# Work task:
Pictures appear among the records. Write out all else exactly as it stands.

# Dataset excerpts:
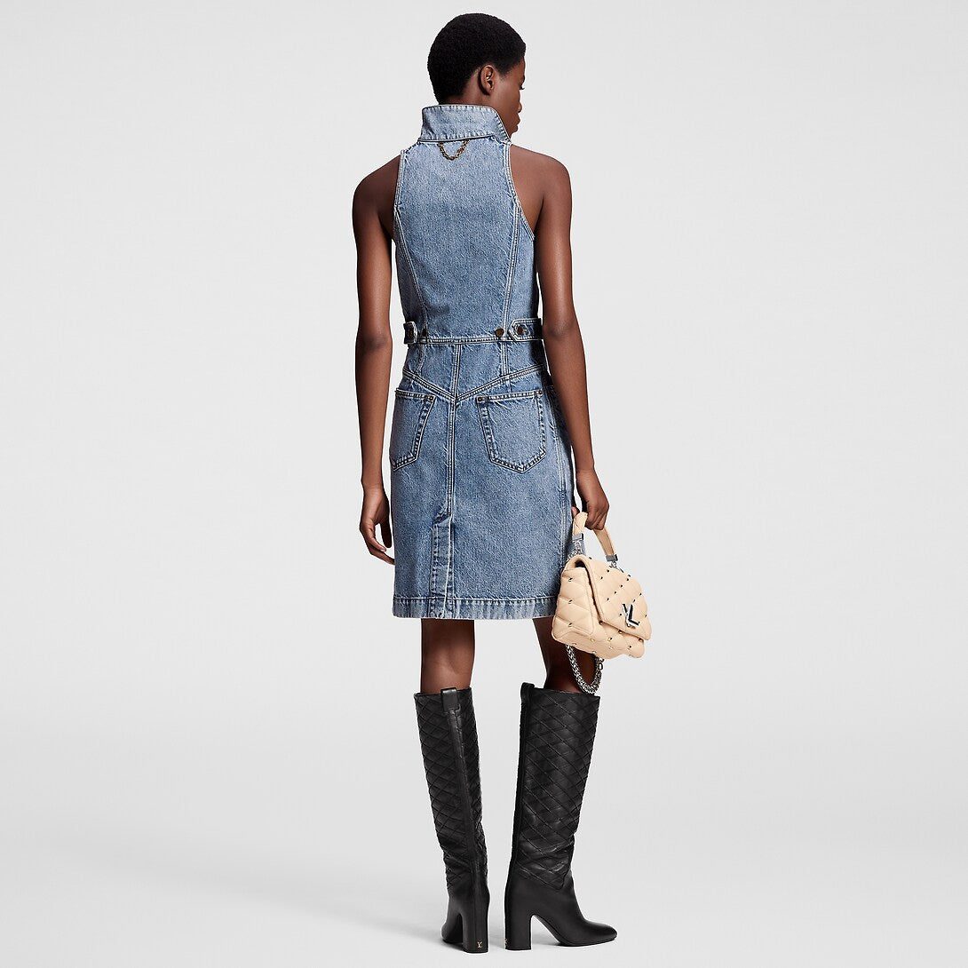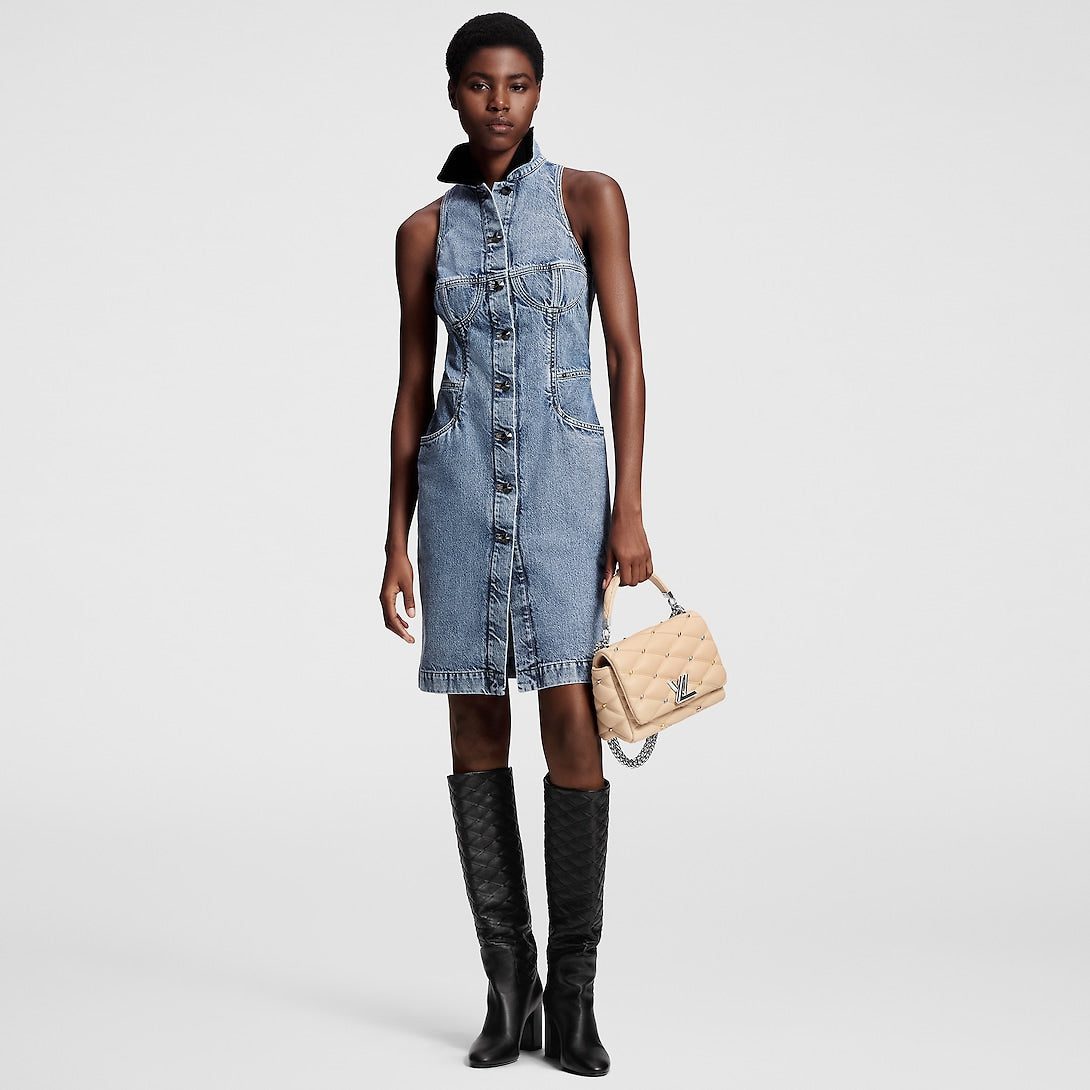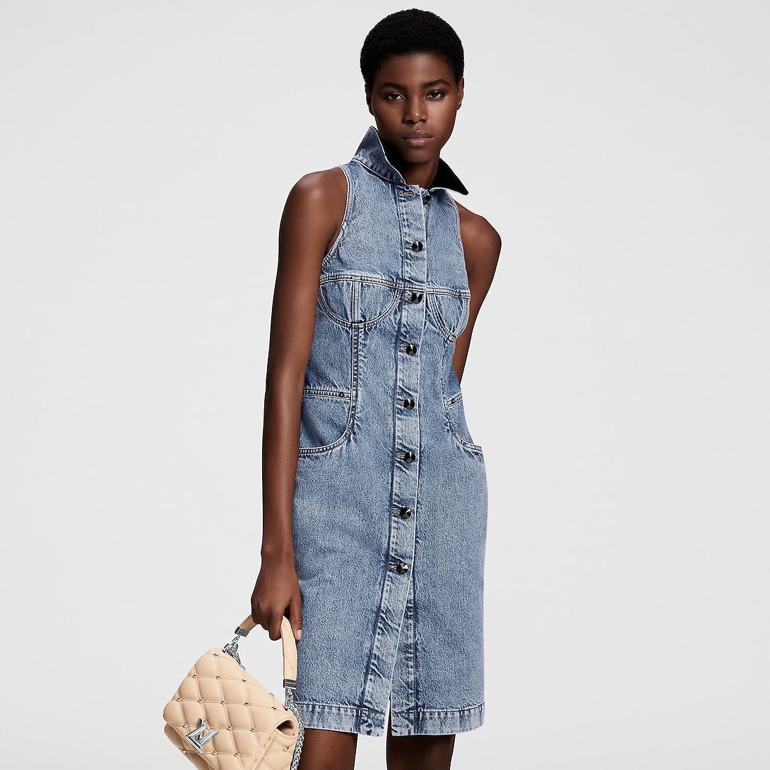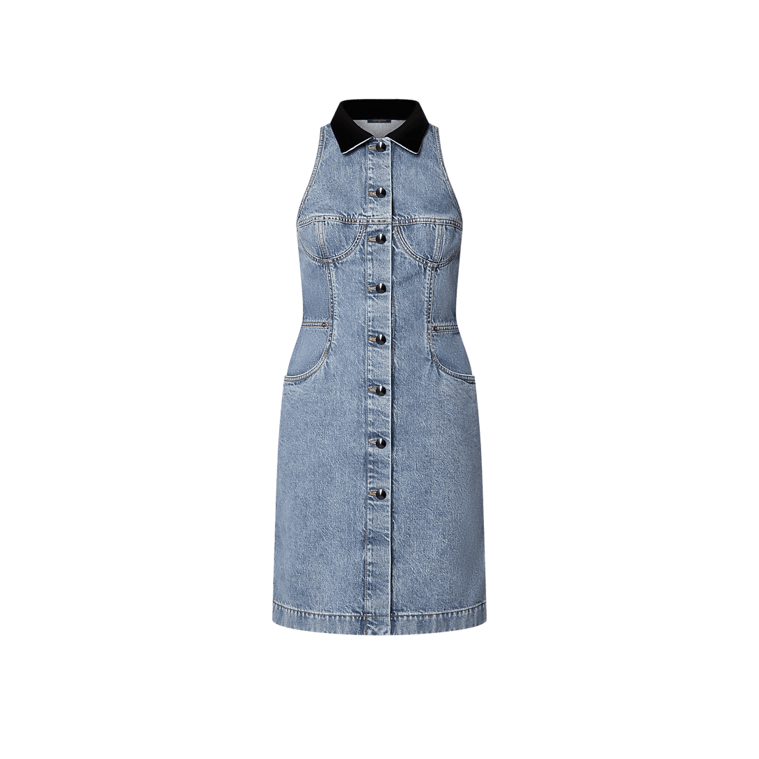 Crafted from stonewashed denim, this sleeveless dress is casual and comfortable with a subtle vintage feel. Topstitching around the bodice traces the figure with a feminine bustier effect, while a velvet collar and prism-cut buttons complete the look with a chic graphic accent. Discreetly signed on the back with an LV chain embellishment.
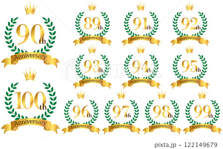 89~100周年イラスト 月桂樹の葉と王冠とリボンのマーク アイコンセット
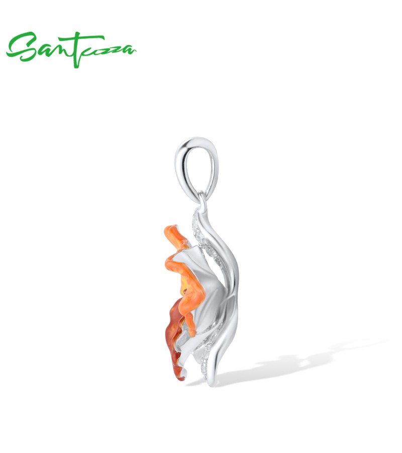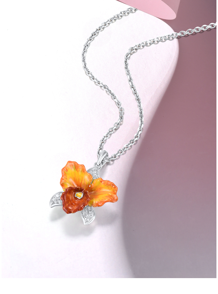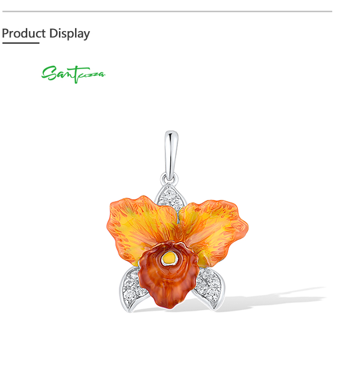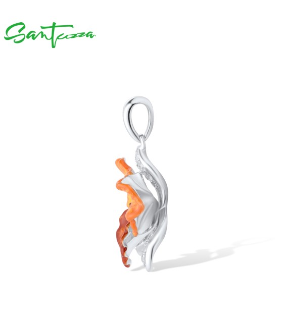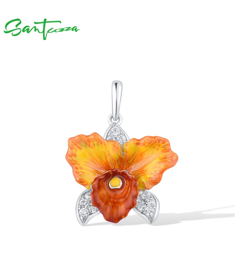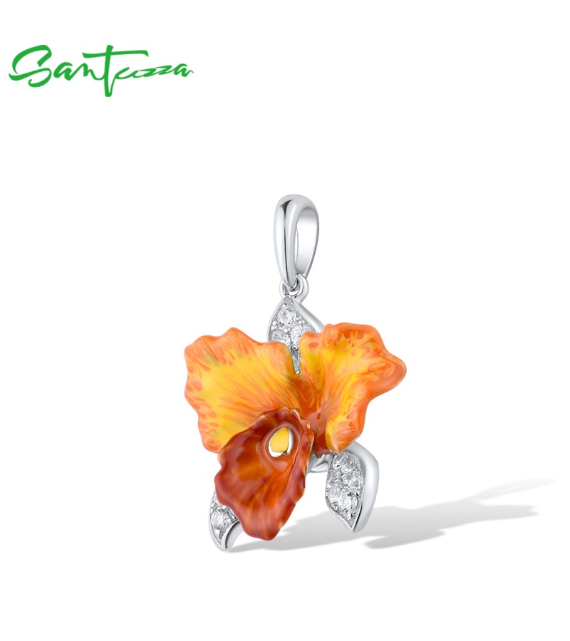 SANTUZZA 925 Sterling Silver Pendant Sparkling Orange Orchid Flower Jewelry Enamel
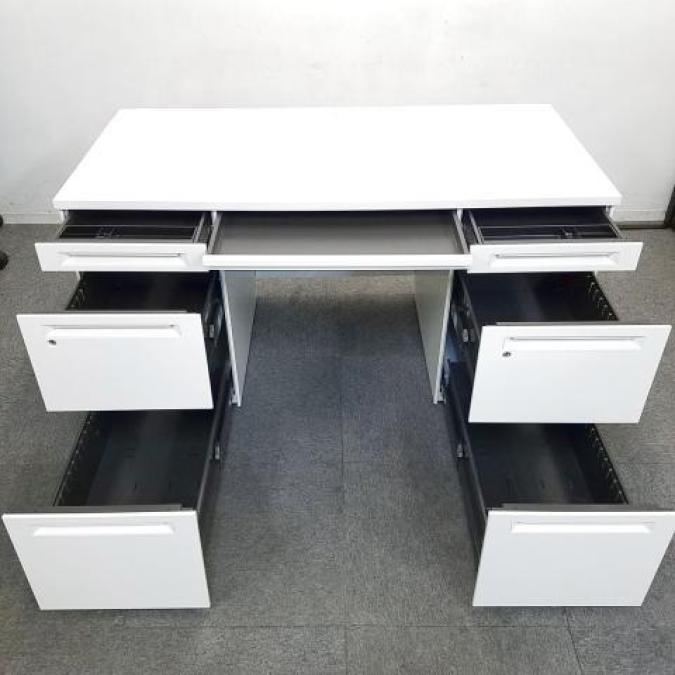 【両袖机なので収納が沢山!鍵付引出しが2か所で安心!役員用にオススメ!】■オカムラ製 アドバンス 両袖机 引出し:右4段 左3段 ■ホワイト ■シリンダー鍵
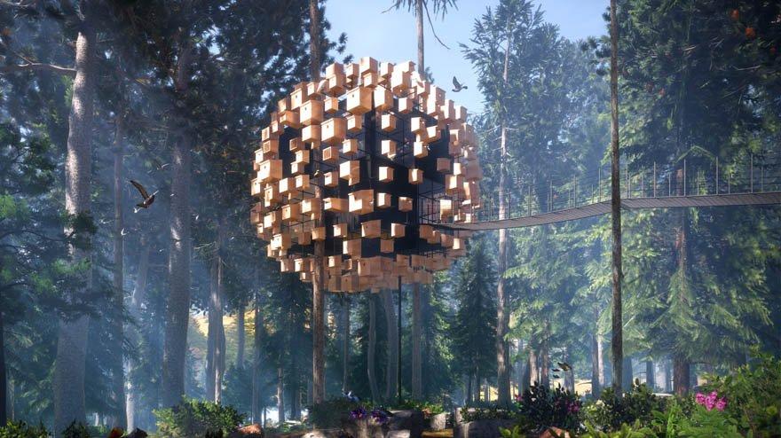 İsveçli kuşbilimci Ulf Ahman’ın fikriyle ortaya çıkan otel, Bjarke Ingels Group’tan (BIG) mimarlar tarafından tasarlanmış.
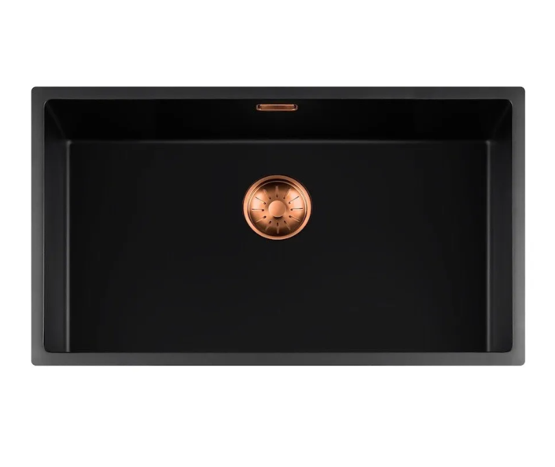 Lorreine 74BQ-FU-Copper Luxe Enkele Keukenspoelbak Graniet Zwart Met Korfplug Copper 74 x 40 Vlakbouw Of Onderbouw

# Reply to the exercise:
 Crafted from stonewashed denim, this sleeveless dress is casual and comfortable with a subtle vintage feel. Topstitching around the bodice traces the figure with a feminine bustier effect, while a velvet collar and prism-cut buttons complete the look with a chic graphic accent. Discreetly signed on the back with an LV chain embellishment.
 89~100周年イラスト 月桂樹の葉と王冠とリボンのマーク アイコンセット
 SANTUZZA 925 Sterling Silver Pendant Sparkling Orange Orchid Flower Jewelry Enamel
 【両袖机なので収納が沢山!鍵付引出しが2か所で安心!役員用にオススメ!】■オカムラ製 アドバンス 両袖机 引出し:右4段 左3段 ■ホワイト ■シリンダー鍵
 İsveçli kuşbilimci Ulf Ahman’ın fikriyle ortaya çıkan otel, Bjarke Ingels Group’tan (BIG) mimarlar tarafından tasarlanmış.
 Lorreine 74BQ-FU-Copper Luxe Enkele Keukenspoelbak Graniet Zwart Met Korfplug Copper 74 x 40 Vlakbouw Of Onderbouw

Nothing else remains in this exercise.